§ **TASK REQUIREMENTS**
From the first line of the entries below through the line holding "The image depicts", write out every line exactly, please, and leave out the pictures.

§ **Source records**
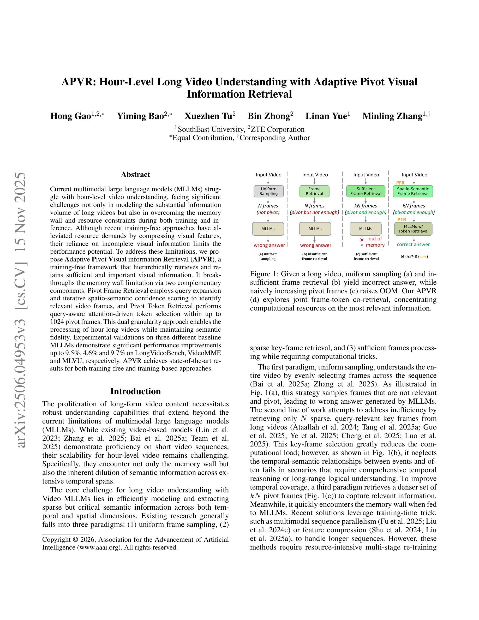 该研究针对当前多模态大型语言模型在处理长达数小时的视频时面临的挑战,提出了一种名为自适应枢轴视觉信息检索(APVR)的训练外框架。该框架能够层次地检索和保留重要且充足的视觉信息,突破内存限制。它通过两个互补组件——枢轴帧检索和枢轴令牌检索来实现这一目标。实验验证表明,该框架在三个不同的基准测试集上均实现了显著的性能提升。
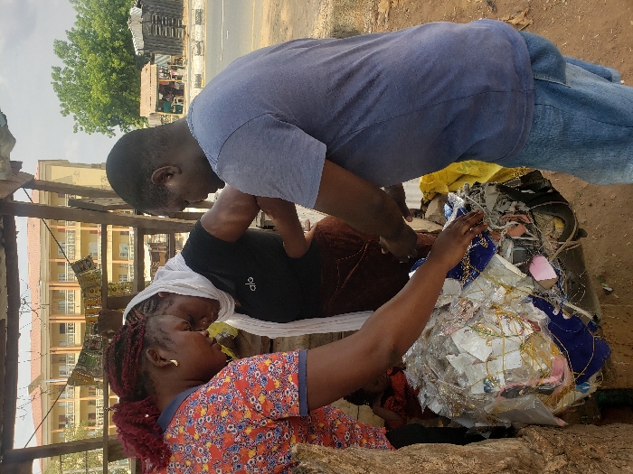 The image depicts three individuals—two females and one male—gathered around a large, bundled collection of miscellaneous materials under a rudimentary wooden shelter in Adankolo, Nigeria
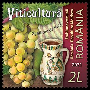 The stamp with a face value of lei 2 brings together in a unitary graphic the image of a painted cup that was made by the craftsman Colibaba Constantin, in the Radauti Urban Workshop, Suceava County, and of a bunch of Zghihara grapes from Husi region, Romania.
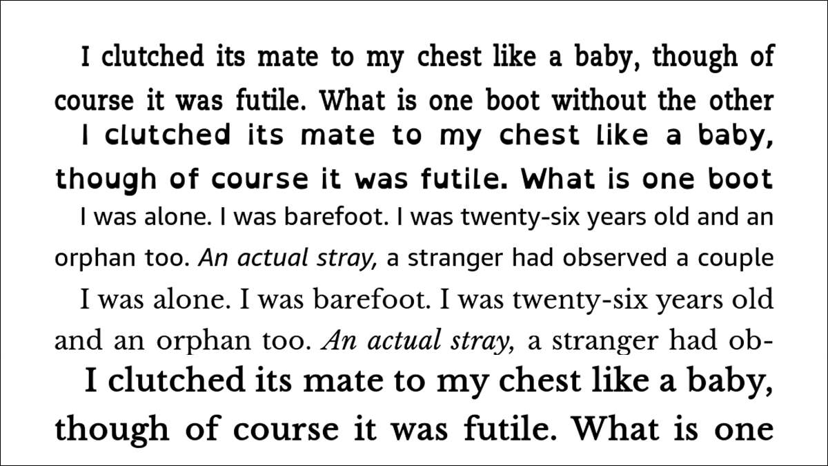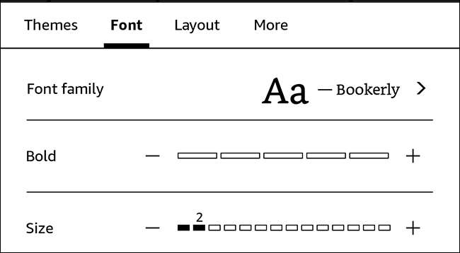 - Font ailesi Yazı tipini kontrol eder. Amazon Ember, Baskerville, Bookerly, Caecilia, Caecilia Yoğunlaştırılmış, Futura, Helvetica, OpenDyslexic ve Palatino arasında seçim yapabilirsiniz. Ayrıca Kendi özel yazı tiplerinizi ekleyin .
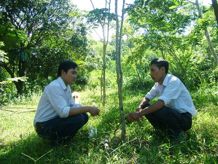 Ông Đinh Minh Dân (phải) là người đăng ký mua cây giống sưa đỏ nhiều nhất ở xã Xuân Hóa

§ **SOLUTION TO THE EXERCISE**
 该研究针对当前多模态大型语言模型在处理长达数小时的视频时面临的挑战,提出了一种名为自适应枢轴视觉信息检索(APVR)的训练外框架。该框架能够层次地检索和保留重要且充足的视觉信息,突破内存限制。它通过两个互补组件——枢轴帧检索和枢轴令牌检索来实现这一目标。实验验证表明,该框架在三个不同的基准测试集上均实现了显著的性能提升。
 The image depicts three individuals—two females and one male—gathered around a large, bundled collection of miscellaneous materials under a rudimentary wooden shelter in Adankolo, Nigeria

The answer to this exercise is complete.